OnSafari: So Old it’s New

OnSafari: So Old it’s New

flying into sossusvleiMost of the time I fly on safari from place to place. Today we flew backwards, nearly 138 million years.

The Namib-Naukluft is the oldest desert in the world and it has changed little over that enormous span of time. Modern man’s interest, though, has resuscitated long dormant forms of life that quite naturally had ceased to exist here when the rain stopped falling. Now, some are back. And, the rain’s started falling, again. It’s all kind of creepy.

But it’s all also awesome. Half of Namibia is a desert. That’s an area the size of Germany. Most of the rest is Mojave like desert with a small bit, the Caprivi Strip, lush and green.

We’re in the desert of the desert, Sossusvlei, just to the east of the gigantic desert park. It’s true that our fascination with this area which I think looks like Mars has led to more careful understandings that deserts are living theaters, too. Reptiles, microinsects and the most amazing plants do survive these extreme conditions.

But relatively speaking, deserts are lifeless places and the Namib is the desert’s desert.

After our 45 minute flight from Windhoek Steve looked back at me beaming and said, “That was worth the entire cost of the trip.”

One of the beauties of the Namib is the unique very old geology that traces its heritage back to the old single earth continent of Godwana 850 million years ago. That’s when the Naukluft area of the Namib-Naukluft first formed, a metamorphic mountain range that kept moving westwards towards the Atlantic.

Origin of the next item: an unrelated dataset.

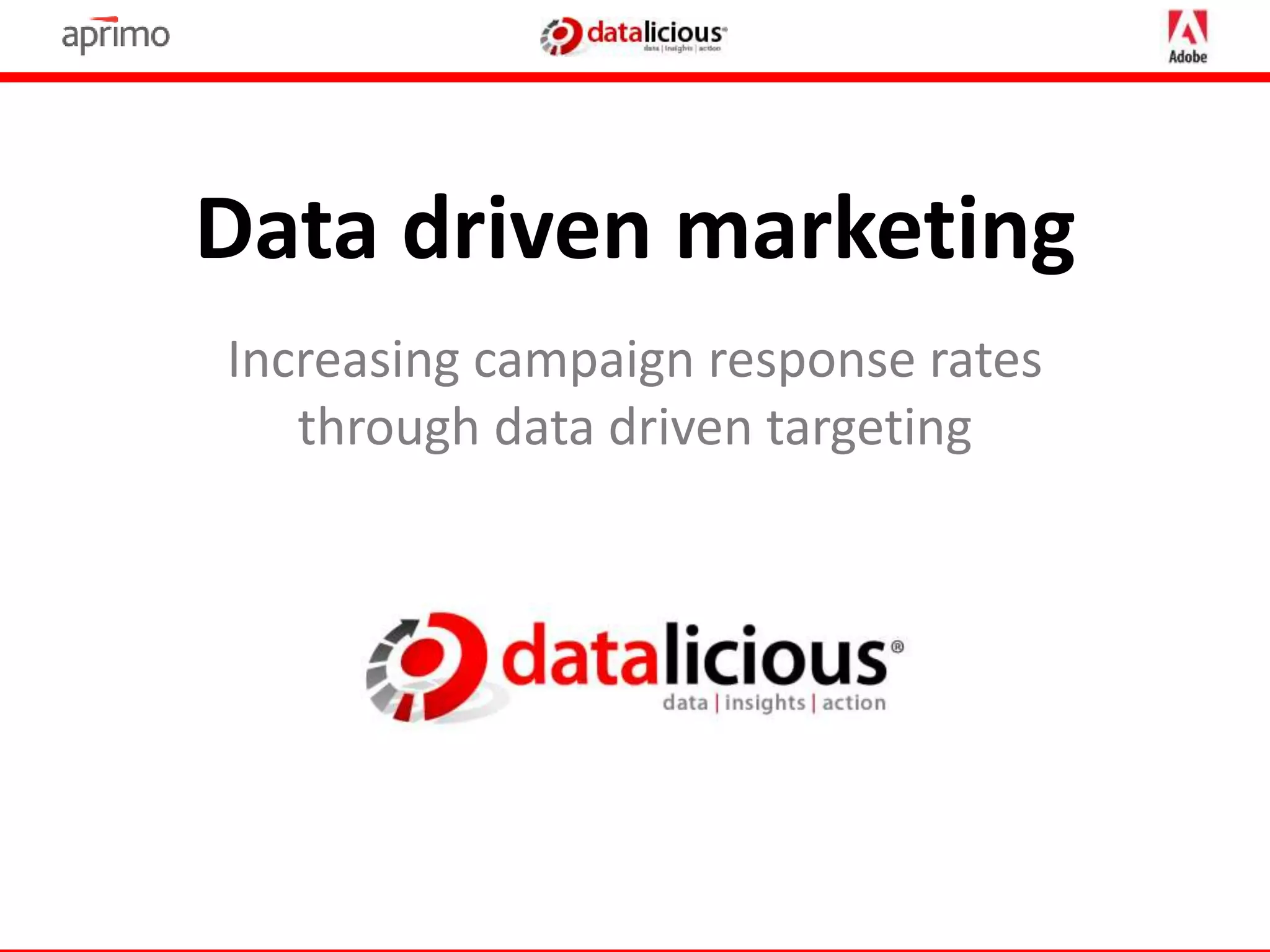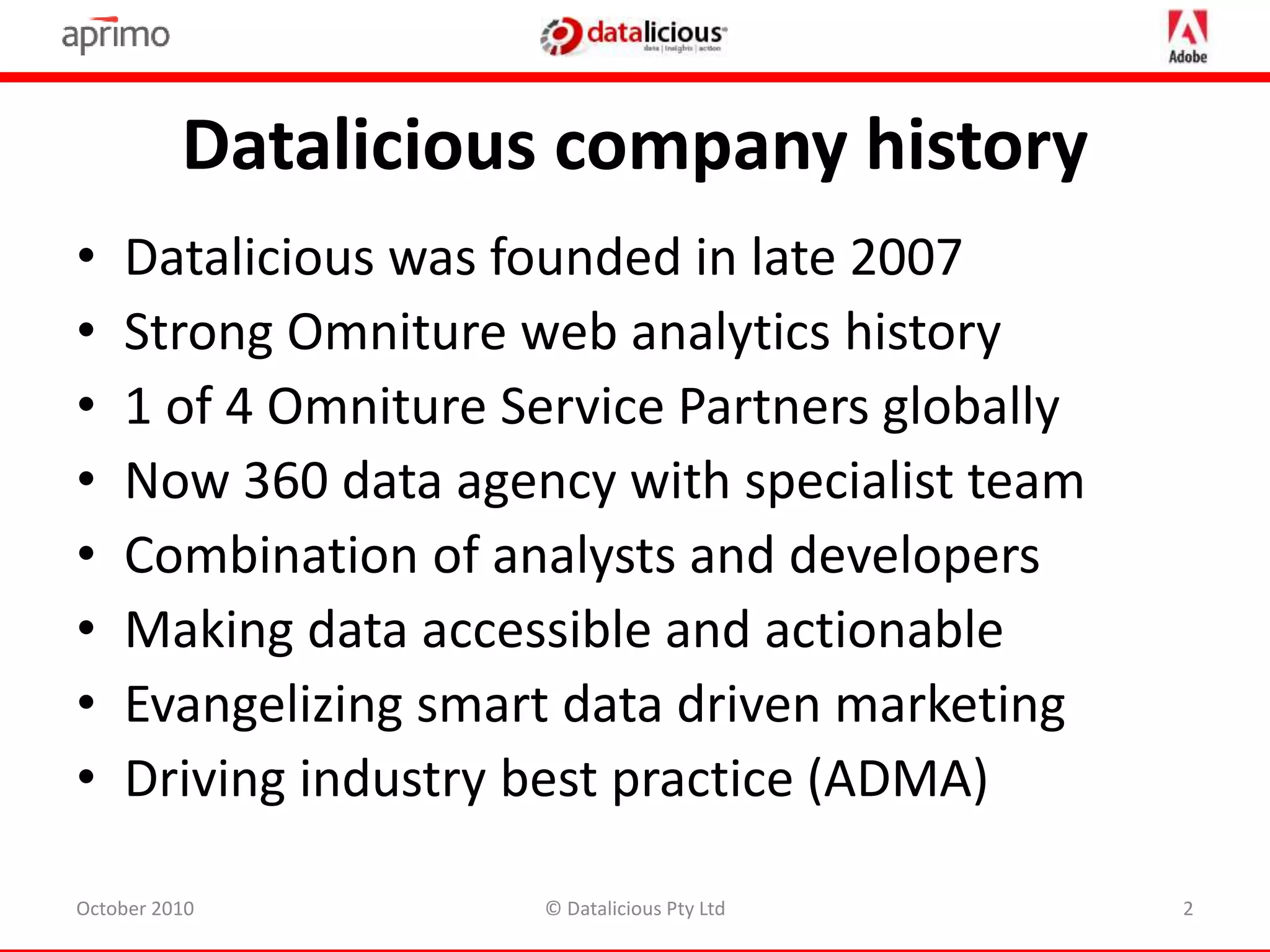 Datalicious is a data analytics company founded in 2007 that helps other companies improve their digital marketing efforts through data-driven targeting and personalization. They analyze customer data from various online and offline sources to develop targeted messaging and content for different customer segments across multiple marketing channels. Their services include improving media attribution, optimizing ad spend, testing variations, and increasing campaign response rates by up to 20% through coordinated multi-channel marketing personalized for each customer.

The wind over all that time, combined with the extreme dryness and heat of the area, produced the Namib, or Sand Sea. There’s actually two sand seas. The most recent is only 4 million years ago, and it covers the 20+-million year old original. Tomorrow we go to the highest sand dune on earth.

Flying in is hard to describe. The Sand Sea is red. The Naukluft looks like rugged new mountains on Mars, but they aren’t new at all. They just don’t erode away in this super arid landscape.

When I first came here 40 years ago, tourist development was only just beginning. Correctly, the park authorities allow no tampering with the environment within the actual 20,000 sq. mile park. But outside, where the camps and lodges have now been built, tampering began a long time ago.

It had to. These places need water. As with most deserts, there are plenty of aquifers. That’s obvious anyway from the remarkable trees that survive on the edge of the sand seas, with roots that sometimes dive a 100′ into the ground.

Then these places decided to create boreholes, or small water holes, outside their lodges to provide some entertainment for the guests.

We’re staying in the 40,000-acre private Wilderness reserve adjacent the park. Wilderness Safaris maintains 4 boreholes, and the result is that just below the deck we watch oryx, springbok, ostrich and a variety of birds coming to water.

So the animals “are coming back.” They’ve always been here, of course, just not as many of them. The really creepy thing is that while it rarely rained on the Namib, it now does so with notable frequency, several times or more a year.

The last two nights experienced some rain. As the manager here explained to us, “Rain to us is measured in drops.” So it didn’t last long, but the temporary explosion on the desert of green vegetation was striking. Like seeds that have slept for eons, life seems always ready to grow.

And this is not at all the right season for the infrequent rains. Normally, that comes several months earlier.

So did Mother Earth respond to man’s resuscitation of the Namib’s wildlife? Of course not, but it’s the kind of fanciful idea you create in these weird places. Mother Earth has to drop the moisture from Glacier Bay’s glaciers somewhere! It’s getting wetter and wetter in Africa, even in the oldest desert in the world!